# Activity
Give a verbatim copy of the lines below, minus the pictures.

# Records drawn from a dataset
Segment Open

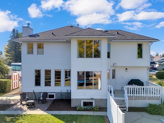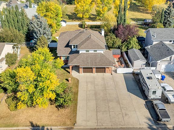 This beautifully renovated two-storey home sits on a stunning half-acre lot in one of the most desirable areas of Olds—backing directly onto one of the community's finest parks. With exceptional curb appeal, mature trees, lush landscaping, and a timeless blend of brick and updated vinyl siding, this property makes a lasting first impression. Inside, the home has been fully renovated throughout, seamlessly blending modern updates with classic charm. Step into a bright and airy foyer with vaulted ceilings that lead into a spacious and inviting main floor layout. The main level features a formal dining room, a well-appointed eat-in kitchen with ample cabinetry and modern finishes, and a large living room with a cozy fireplace—perfect for gatherings. A 2-piece bathroom and a convenient main floor laundry room add to the home's functionality. Upstairs, a cozy reading nook and open library area provide a unique and inviting space (or potential for an additional bedroom). The spacious primary suite includes French doors, a walk-in closet, and a beautifully updated 5-piece ensuite. Two more generously sized bedrooms and a renovated 5-piece main bathroom complete the upper level. The finished basement offers a brand-new, fully self-contained legal suite—complete with its own entrance, kitchen, bathroom, and living space. This is perfect for generational living, guests, or rental income potential, providing privacy and independence for extended family or tenants. In addition to the suite, the basement also includes a separate fourth bedroom and dedicated storage area, providing even more flexibility and space for your family's needs. Additional upgrades include a reverse osmosis system and whole-house carbon water filter, ensuring clean, high-quality water throughout the home. Outside, you'll enjoy ultimate privacy and outdoor living with mature fruit trees, a dedicated garden space, RV parking, and a large deck ideal for entertaining or relaxing. The existing garage provides ample parking and storage, with the potential to add an additional bay—offering even more versatility for vehicles, hobbies, or a workshop. This is a rare opportunity to own a move-in-ready home in a quiet, highly sought-after neighborhood with unbeatable park access, room to grow and thoughtful features throughout. Whether you're looking for a family-friendly forever home or a flexible property with income and multi-generational potential, this home truly has it all. Call today to book your private tour!!
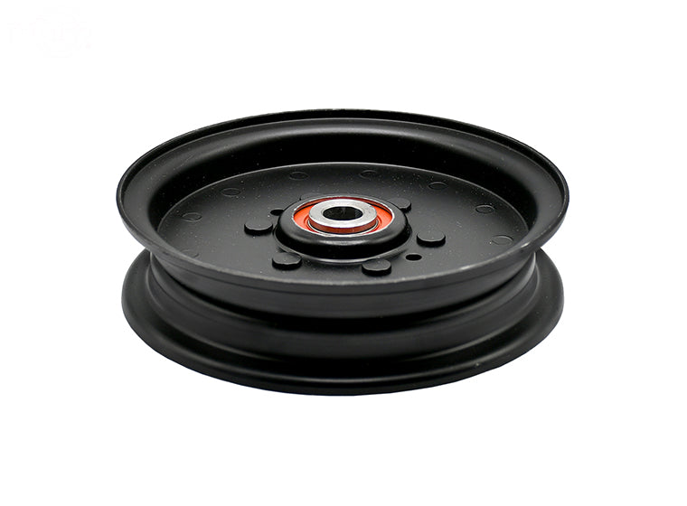 Flat Idler Pulley replaces John Deere AM115933. Fits several John Deere models including Commercial Walkbehinds, 717 and 727 Zero Turns.
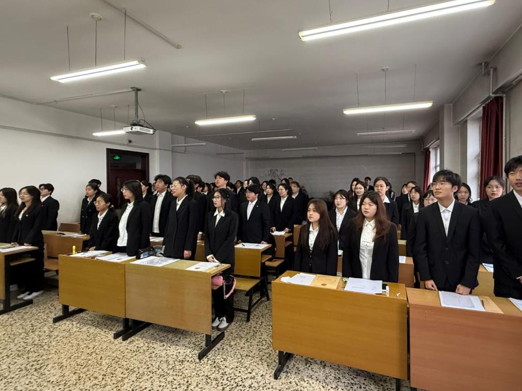 仪式第一项,全体起立,奏唱国歌。在庄严肃穆的国歌声中,入团仪式正式拉开序幕。
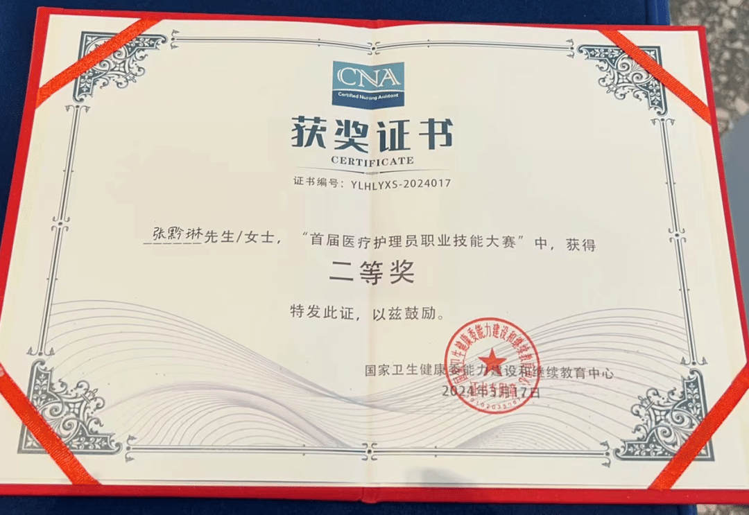 3月15日至17日,在河北省雄安会展中心,今年会代表贵州省参加了由国家卫生健康委能力建设和继续教育中心主办的“首届医疗护理员职业技能大赛总决赛”,我院教师张庆指导的护理系223级护理23班张黔琳同学在比赛中荣获二等奖。
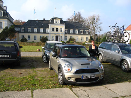 Mit dem "Rest" ging es über die scheinbar für Minis entworfene Kurvenstrecke zurück nach Waren. Bei diesem letzten gemeinsamen Stop verließen uns dann noch Caro und Tobias (aus Berlin), die ebenfalls nach Hause mussten. Mit den verbliebenen ging es mit Biwi nach Schorssow, einem malerisch gelegenen Schloss in der Mecklenburgischen Schweiz, wo wir Rücken an Rücken mit der doch in die Jahre gekommenen Glücksrad-Fee Maren Giltzer Kaffee und Kuchen bekamen. Der gute Kuchen und das tolle Ambiente (zu dem wir Maren Giltzer auch mal zählen) konnten jedoch nicht über die schlechteste heiße Schokolade der Welt hinwegtrösten, die gleich drei von uns bestellten. Auch Daniels Anspielungen beim Bezahlen schienen den Missstand nicht aufdecken zu können...
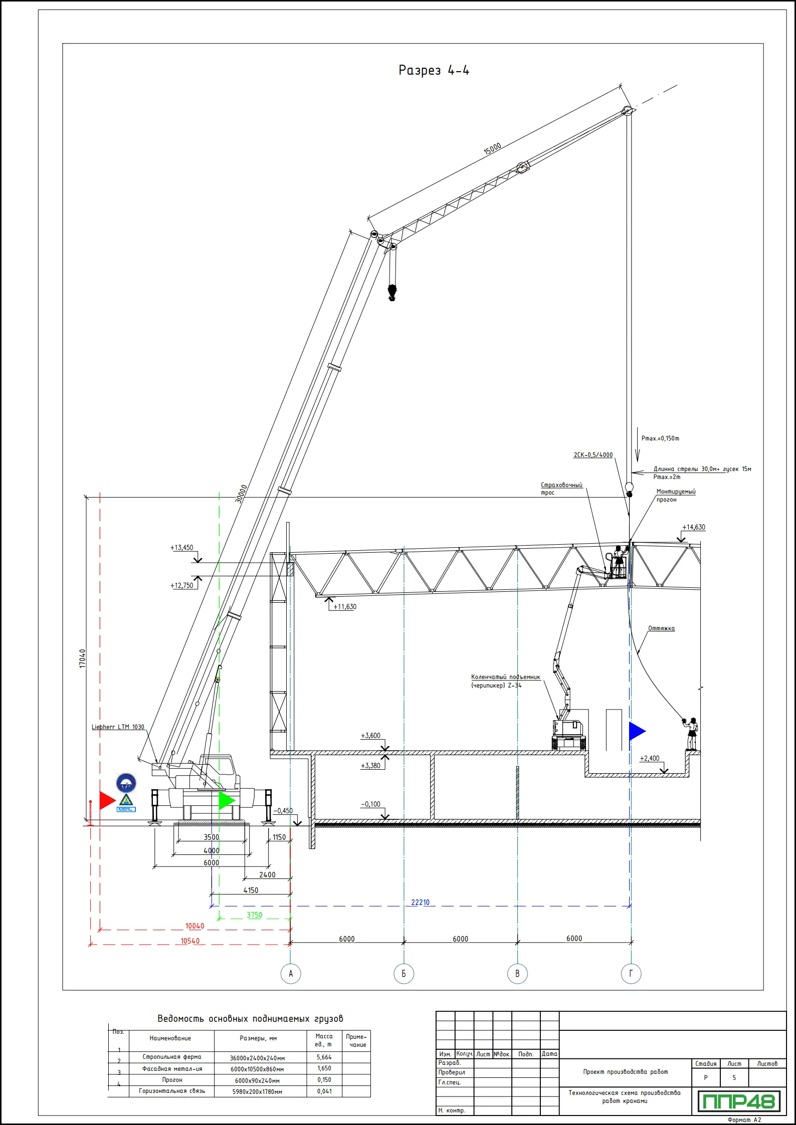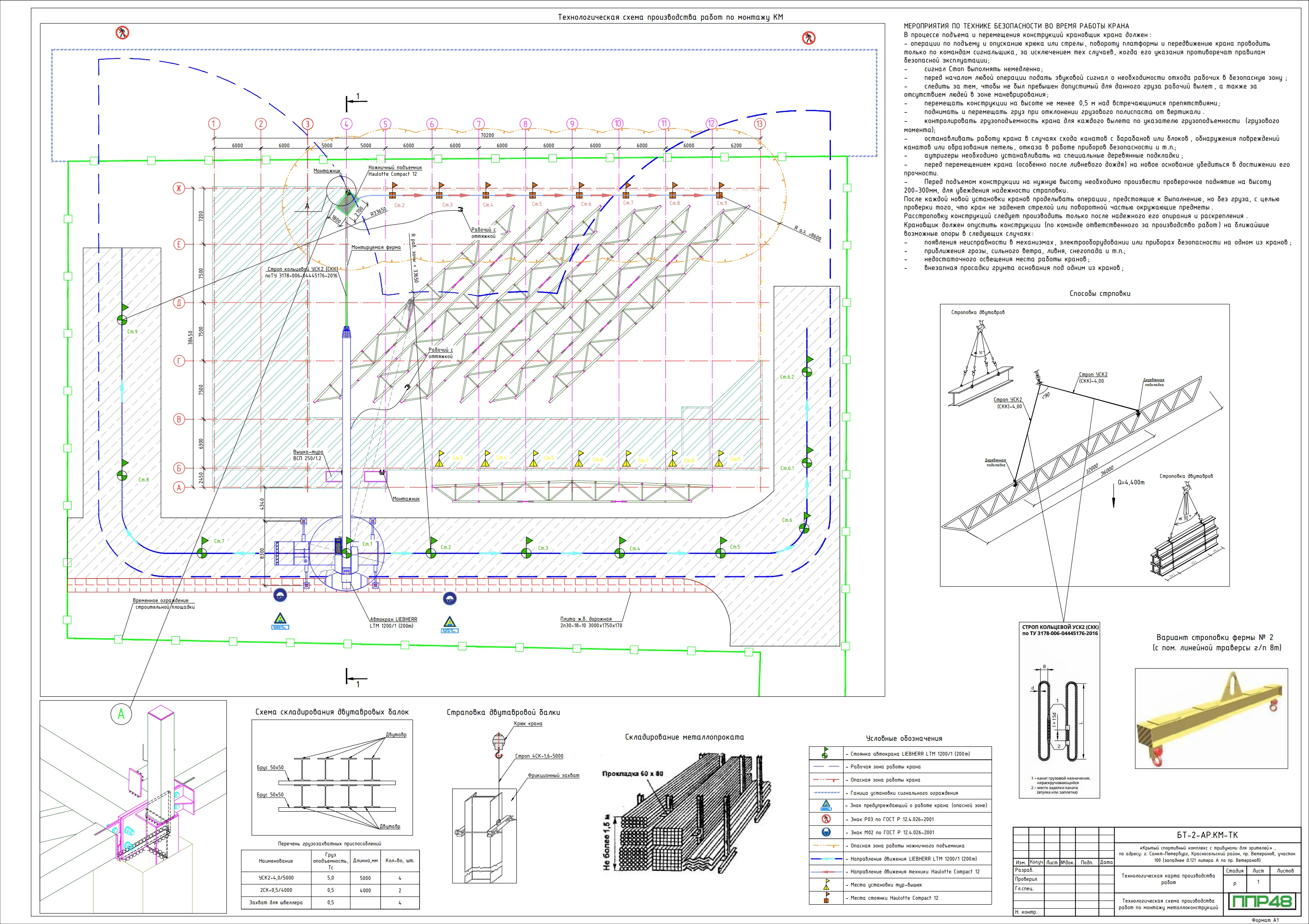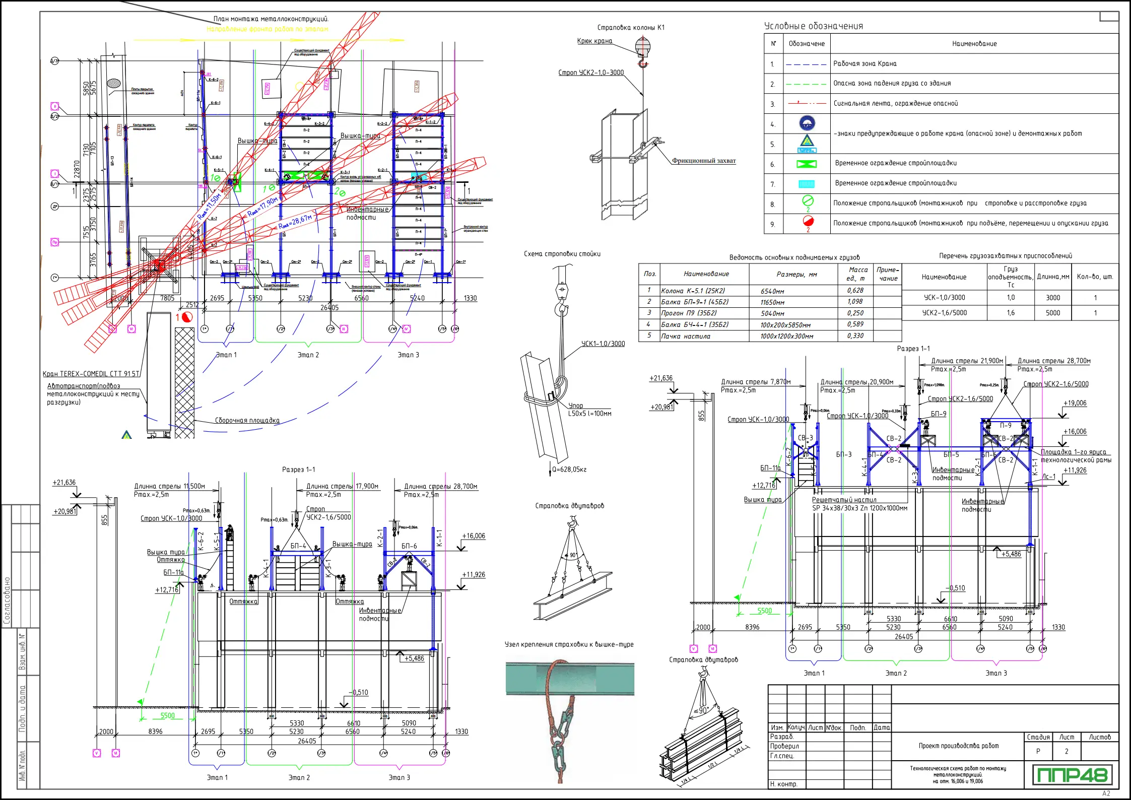 • этапы работ и взаимодействия грузоподъёмных механизмов, которые планируется задействовать в монтажных операциях;

Segment Closed

# Exercise output
 This beautifully renovated two-storey home sits on a stunning half-acre lot in one of the most desirable areas of Olds—backing directly onto one of the community's finest parks. With exceptional curb appeal, mature trees, lush landscaping, and a timeless blend of brick and updated vinyl siding, this property makes a lasting first impression. Inside, the home has been fully renovated throughout, seamlessly blending modern updates with classic charm. Step into a bright and airy foyer with vaulted ceilings that lead into a spacious and inviting main floor layout. The main level features a formal dining room, a well-appointed eat-in kitchen with ample cabinetry and modern finishes, and a large living room with a cozy fireplace—perfect for gatherings. A 2-piece bathroom and a convenient main floor laundry room add to the home's functionality. Upstairs, a cozy reading nook and open library area provide a unique and inviting space (or potential for an additional bedroom). The spacious primary suite includes French doors, a walk-in closet, and a beautifully updated 5-piece ensuite. Two more generously sized bedrooms and a renovated 5-piece main bathroom complete the upper level. The finished basement offers a brand-new, fully self-contained legal suite—complete with its own entrance, kitchen, bathroom, and living space. This is perfect for generational living, guests, or rental income potential, providing privacy and independence for extended family or tenants. In addition to the suite, the basement also includes a separate fourth bedroom and dedicated storage area, providing even more flexibility and space for your family's needs. Additional upgrades include a reverse osmosis system and whole-house carbon water filter, ensuring clean, high-quality water throughout the home. Outside, you'll enjoy ultimate privacy and outdoor living with mature fruit trees, a dedicated garden space, RV parking, and a large deck ideal for entertaining or relaxing. The existing garage provides ample parking and storage, with the potential to add an additional bay—offering even more versatility for vehicles, hobbies, or a workshop. This is a rare opportunity to own a move-in-ready home in a quiet, highly sought-after neighborhood with unbeatable park access, room to grow and thoughtful features throughout. Whether you're looking for a family-friendly forever home or a flexible property with income and multi-generational potential, this home truly has it all. Call today to book your private tour!!
 Flat Idler Pulley replaces John Deere AM115933. Fits several John Deere models including Commercial Walkbehinds, 717 and 727 Zero Turns.
 仪式第一项,全体起立,奏唱国歌。在庄严肃穆的国歌声中,入团仪式正式拉开序幕。
 3月15日至17日,在河北省雄安会展中心,今年会代表贵州省参加了由国家卫生健康委能力建设和继续教育中心主办的“首届医疗护理员职业技能大赛总决赛”,我院教师张庆指导的护理系223级护理23班张黔琳同学在比赛中荣获二等奖。
 Mit dem "Rest" ging es über die scheinbar für Minis entworfene Kurvenstrecke zurück nach Waren. Bei diesem letzten gemeinsamen Stop verließen uns dann noch Caro und Tobias (aus Berlin), die ebenfalls nach Hause mussten. Mit den verbliebenen ging es mit Biwi nach Schorssow, einem malerisch gelegenen Schloss in der Mecklenburgischen Schweiz, wo wir Rücken an Rücken mit der doch in die Jahre gekommenen Glücksrad-Fee Maren Giltzer Kaffee und Kuchen bekamen. Der gute Kuchen und das tolle Ambiente (zu dem wir Maren Giltzer auch mal zählen) konnten jedoch nicht über die schlechteste heiße Schokolade der Welt hinwegtrösten, die gleich drei von uns bestellten. Auch Daniels Anspielungen beim Bezahlen schienen den Missstand nicht aufdecken zu können...
 • этапы работ и взаимодействия грузоподъёмных механизмов, которые планируется задействовать в монтажных операциях;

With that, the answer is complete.